* [The problem]: Apart from the pictures, everything in the lines below must be printed exactly.

* [Information supplied]:
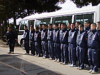出発式で整列する男子駅伝チーム(豊川工業高校で)
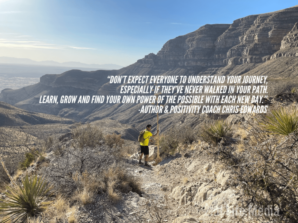 “The Journey toward positivity. Don’t expect everyone to understand your journey, especially if they have never walled in your path. Learn, grow and find your own POWER of the POSSIBLE with each New Day.” Quote by Author & Positivity Coach, Chris Edwards from his book 90 Days to a Glass Half Full Life Style. Lessons for positivity excerpt:
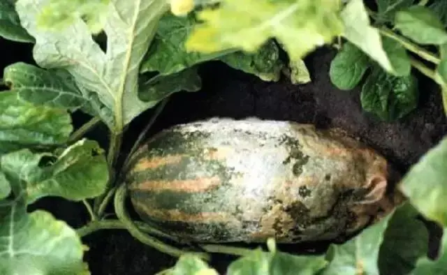 苗期染病,引起猝倒,死秧。结瓜期主要危害果实,贴土面的西瓜先发病,病部初呈褐色水浸状,后迅速变褐软腐。湿度大时,病部长出白色绵毛,即病原菌菌丝体。
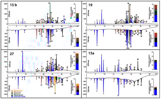 HPLC-DAD chromatograms of polyphenols (top chromatograms at 270 nm) along with profiles of antioxidants detected online with ABTS (2,2′-azino-bis(3-ethylbenzothiazoline-6-sulphonic acid) reagent (bottom chromatograms at 734 nm) in four propolis extracts (15 b, 27, 19, 15 a). The content of specific class of polyphenols and their antioxidant activity was presented as bar graphs. For identity of peaks, see Table 13. The range of antifungal activity of the EEPs was 15 b > 27 > 19 >> 15 a, and probably indicate that the presence of flavones and flavonols is crucial for antifungal activity.

* [Result below]:
出発式で整列する男子駅伝チーム(豊川工業高校で)
 “The Journey toward positivity. Don’t expect everyone to understand your journey, especially if they have never walled in your path. Learn, grow and find your own POWER of the POSSIBLE with each New Day.” Quote by Author & Positivity Coach, Chris Edwards from his book 90 Days to a Glass Half Full Life Style. Lessons for positivity excerpt:
 苗期染病,引起猝倒,死秧。结瓜期主要危害果实,贴土面的西瓜先发病,病部初呈褐色水浸状,后迅速变褐软腐。湿度大时,病部长出白色绵毛,即病原菌菌丝体。
 HPLC-DAD chromatograms of polyphenols (top chromatograms at 270 nm) along with profiles of antioxidants detected online with ABTS (2,2′-azino-bis(3-ethylbenzothiazoline-6-sulphonic acid) reagent (bottom chromatograms at 734 nm) in four propolis extracts (15 b, 27, 19, 15 a). The content of specific class of polyphenols and their antioxidant activity was presented as bar graphs. For identity of peaks, see Table 13. The range of antifungal activity of the EEPs was 15 b > 27 > 19 >> 15 a, and probably indicate that the presence of flavones and flavonols is crucial for antifungal activity.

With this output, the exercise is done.